WHAT IS REQUIRED: Pictures aside, return every line below exactly as written.

START DATA

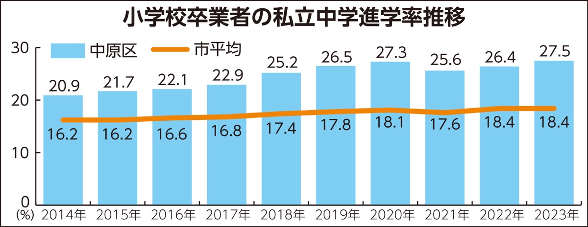 中原区の私立中学校進学率は市内では依然として高く、前年度の26・4%からは1・1ポイントの上昇。21年度は14年度から7年ぶりに下降したものの、以後は2年連続の上昇となった。27・5%は、資料にある1989年以降では最高値となる。全市的には前年の18・4%から変わらず横ばいになっており、川崎区、宮前区、麻生区で前年より上昇した。
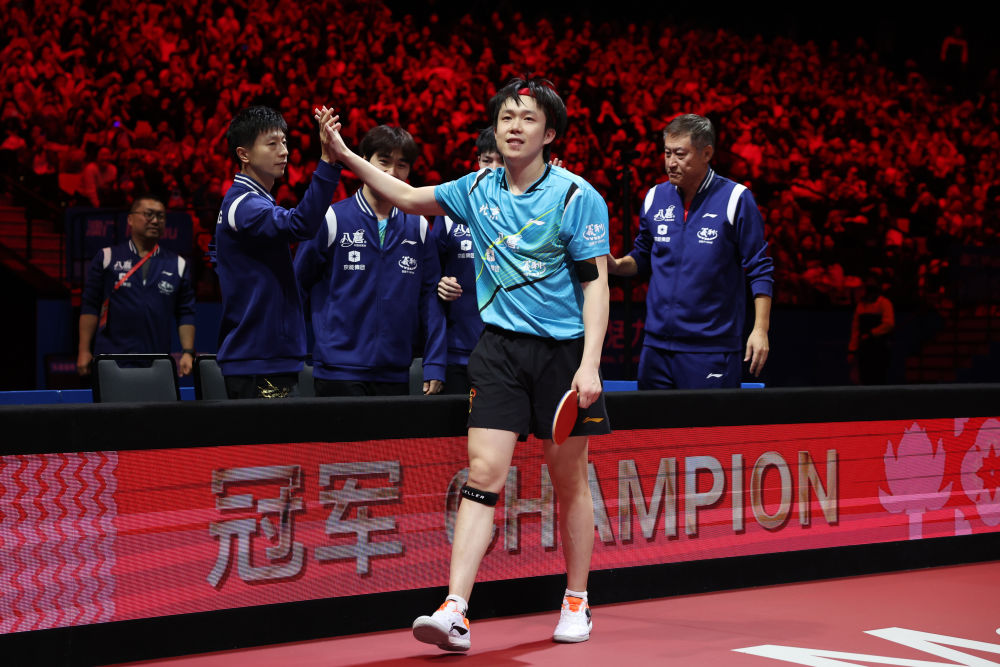 “我们(北京队)准备了32年才拿到这枚金牌。这次参赛的运动员中,我们的年龄结构是老中青,马龙是最后一次全运会;王楚钦25岁,是‘中年’;最小的是黄友政(20岁),所以我们今天拿到金牌,我要感谢我们的运动员。”张雷说。
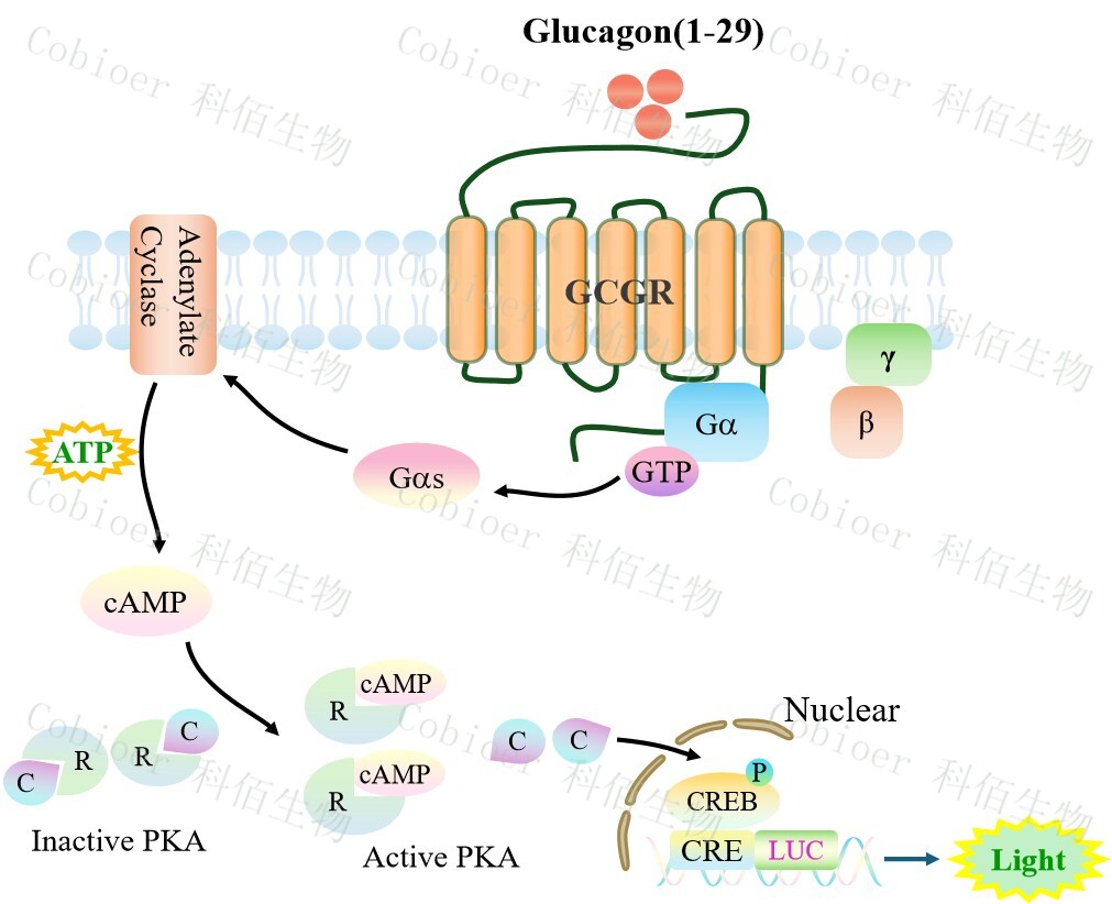 GCGR CRE-Luc HEK293 報告基因藥靶模型很好的模擬了體內(nèi) GCGR 的信號轉(zhuǎn)導(dǎo)過程, 原理見下圖所示。
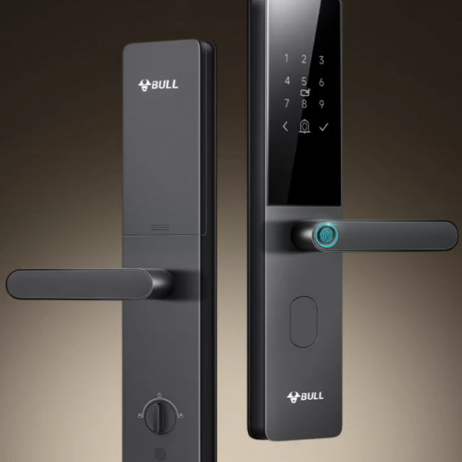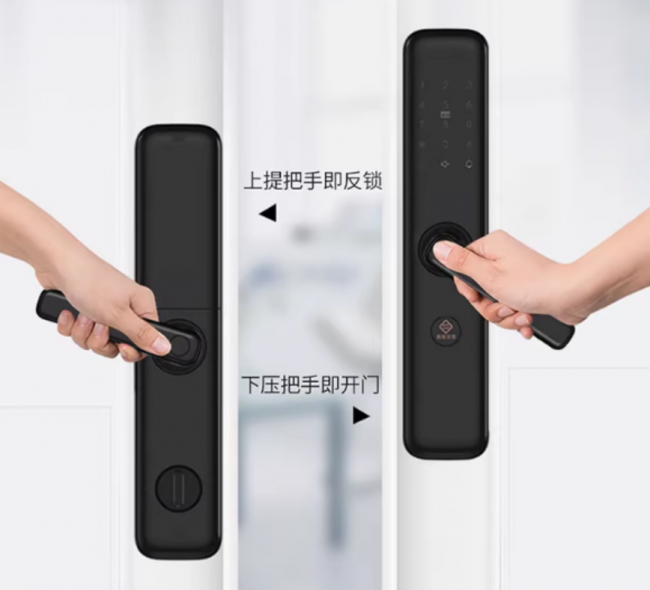 采用超薄面板设计,指纹密码二合一模块;

END DATA

ANSWER BOX:
 中原区の私立中学校進学率は市内では依然として高く、前年度の26・4%からは1・1ポイントの上昇。21年度は14年度から7年ぶりに下降したものの、以後は2年連続の上昇となった。27・5%は、資料にある1989年以降では最高値となる。全市的には前年の18・4%から変わらず横ばいになっており、川崎区、宮前区、麻生区で前年より上昇した。
 “我们(北京队)准备了32年才拿到这枚金牌。这次参赛的运动员中,我们的年龄结构是老中青,马龙是最后一次全运会;王楚钦25岁,是‘中年’;最小的是黄友政(20岁),所以我们今天拿到金牌,我要感谢我们的运动员。”张雷说。
 GCGR CRE-Luc HEK293 報告基因藥靶模型很好的模擬了體內(nèi) GCGR 的信號轉(zhuǎn)導(dǎo)過程, 原理見下圖所示。
 采用超薄面板设计,指纹密码二合一模块;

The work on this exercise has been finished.